First heat-up of 1D multi-layer walls and 2D geometries consisting of refractory concrete

Abstract Furnaces are frequently lined with low permeability refractory concrete. During the first heat-up process of a relined furnace, high vapour pressures inside the initially wet refractory concrete can result in an explosive destruction of the concrete structure. In this article, the first heat-up process of complex geometries is investigated by modeling and further by a large-scale experiment. The article bases on a previous one, concerning the first heat-up of a one-dimensional single layer wall. The simulation of the first heat-up process of a one-dimensional three-layer wall shows the occurrence of several drying fronts inside the wall. Even if the wall is heated only from one side, two drying fronts appear at both surfaces, moving deeper and deeper inside the wall. Four further drying fronts are arising at the two boundary surfaces, moving in contrawise directions. The simulation shows that the first boundary surface is drying even faster than the first concrete layer, although this layer is arranged in front of that boundary surface. Further the simulation predicts a constant temperature slightly below 100° C at the wall's unheated surface over a large period of time. The model is validated by a large scale experiment which confirms both observations. Further, two more complex geometries are investigated by the aid of a two-dimensional model.
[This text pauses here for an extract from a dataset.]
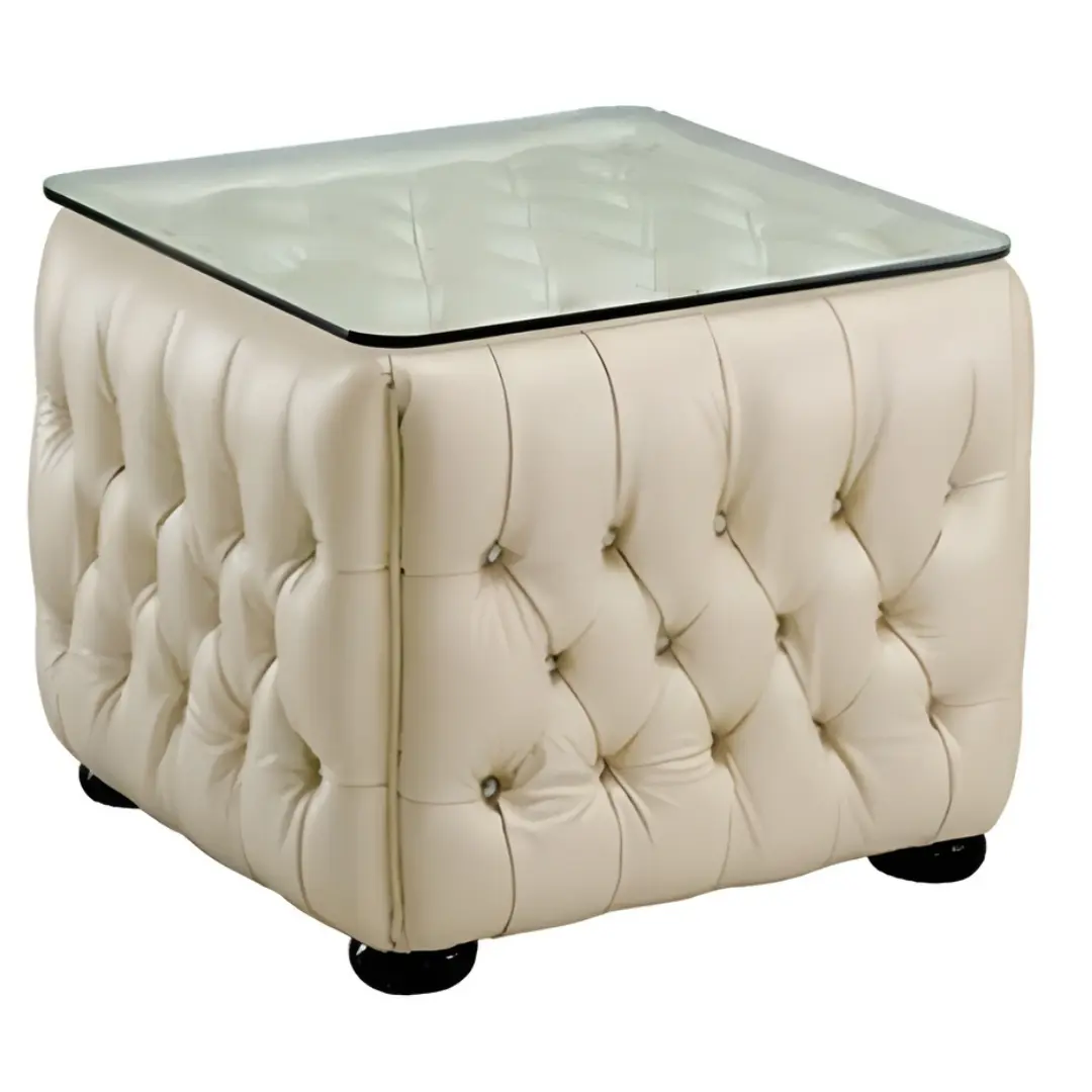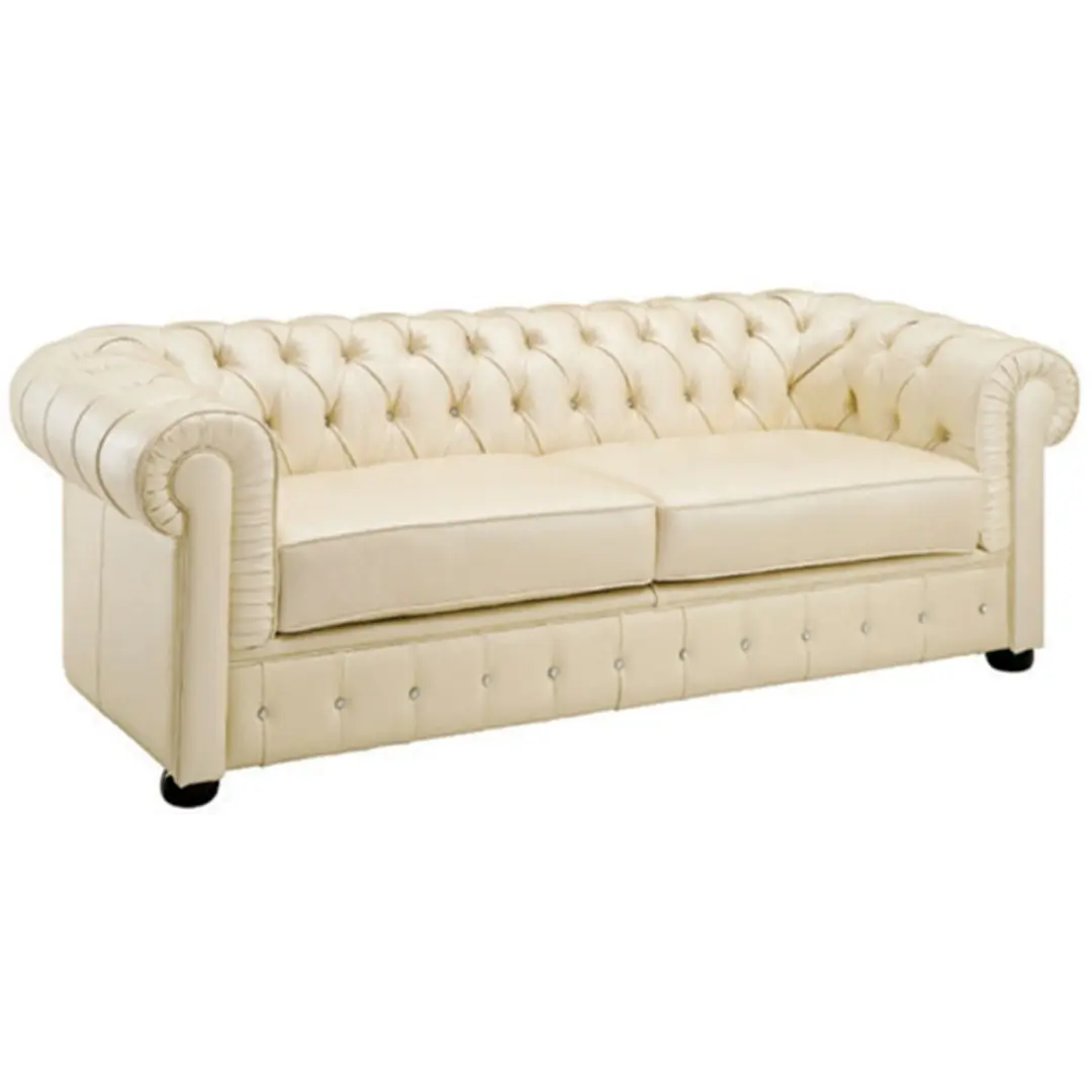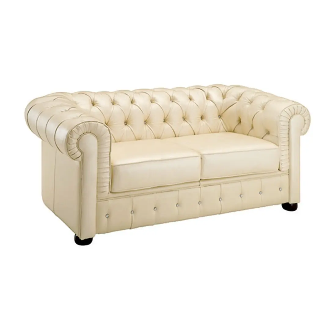 This ivory living room set has an inviting appeal and comfort. The sofa, Loveseat, and Chair are accented with rhinestones and wrapped in the finest genuine Italian leather. Full leather comes standard for this set and you can always special order it in a variety of colors. The cushions are fixed. A Luxury Furniture Set will add a new look to your space.

One of these geometries, a corner, needs much more time for drying compared with the drying process of a (multilayer-) wall or an exposed edge. This is mainly caused by the slow heat transfer into the corner's core. The second two-dimensional geometry, the (exposed) edge shows the highest pressure maximum of all investigated geometries, caused by the fast heat transfer into the geometry's exposed needle. For both two-dimensional geometries, optimized (pressure-driven) heat-up curves are calculated. These curves are effecting the fastest possible heat-up process without exceeding a given pressure limit. The curves of both geometires are differing significantly from each other and from those ones calculated for a single-layer wall of equal thickness.